[[ Exercise materials, beginning ]]
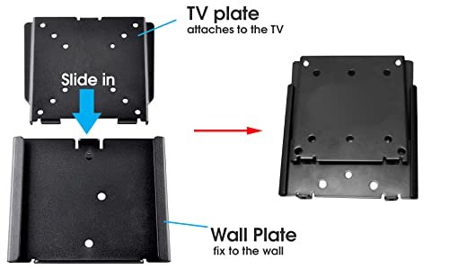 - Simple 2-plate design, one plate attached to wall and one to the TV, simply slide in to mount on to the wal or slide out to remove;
[[ Exercise materials, end ]]
[[ Exercise materials, beginning ]]
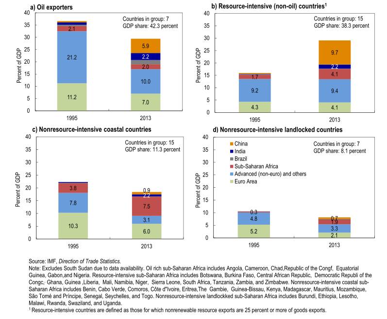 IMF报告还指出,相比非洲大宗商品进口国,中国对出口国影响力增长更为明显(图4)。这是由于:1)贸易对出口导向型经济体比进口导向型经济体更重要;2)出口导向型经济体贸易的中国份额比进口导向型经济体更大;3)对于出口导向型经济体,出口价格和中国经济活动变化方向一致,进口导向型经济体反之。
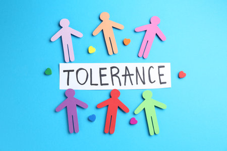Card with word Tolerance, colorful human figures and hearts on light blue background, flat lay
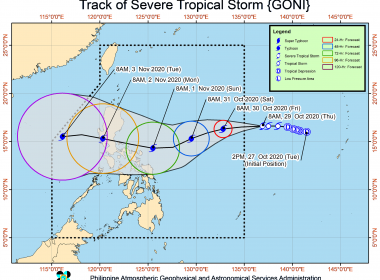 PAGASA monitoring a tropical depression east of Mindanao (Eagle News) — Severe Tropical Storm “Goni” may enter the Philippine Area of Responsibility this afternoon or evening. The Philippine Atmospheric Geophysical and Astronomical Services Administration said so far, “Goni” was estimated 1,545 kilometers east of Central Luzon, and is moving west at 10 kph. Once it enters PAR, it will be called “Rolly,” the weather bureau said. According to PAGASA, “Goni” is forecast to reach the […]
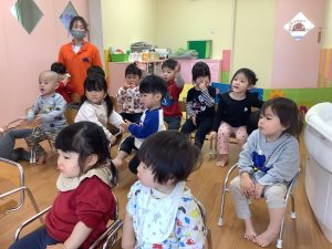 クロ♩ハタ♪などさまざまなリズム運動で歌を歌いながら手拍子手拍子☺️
[[ Exercise materials, end ]]
- **Required action**:
Retype the lines above exactly as they appear, from the line containing "IMF报告还指出,相比非洲大" through the line containing "Card with word", and leave out any pictures.

- **Result for this task**:
 IMF报告还指出,相比非洲大宗商品进口国,中国对出口国影响力增长更为明显(图4)。这是由于:1)贸易对出口导向型经济体比进口导向型经济体更重要;2)出口导向型经济体贸易的中国份额比进口导向型经济体更大;3)对于出口导向型经济体,出口价格和中国经济活动变化方向一致,进口导向型经济体反之。
Card with word Tolerance, colorful human figures and hearts on light blue background, flat lay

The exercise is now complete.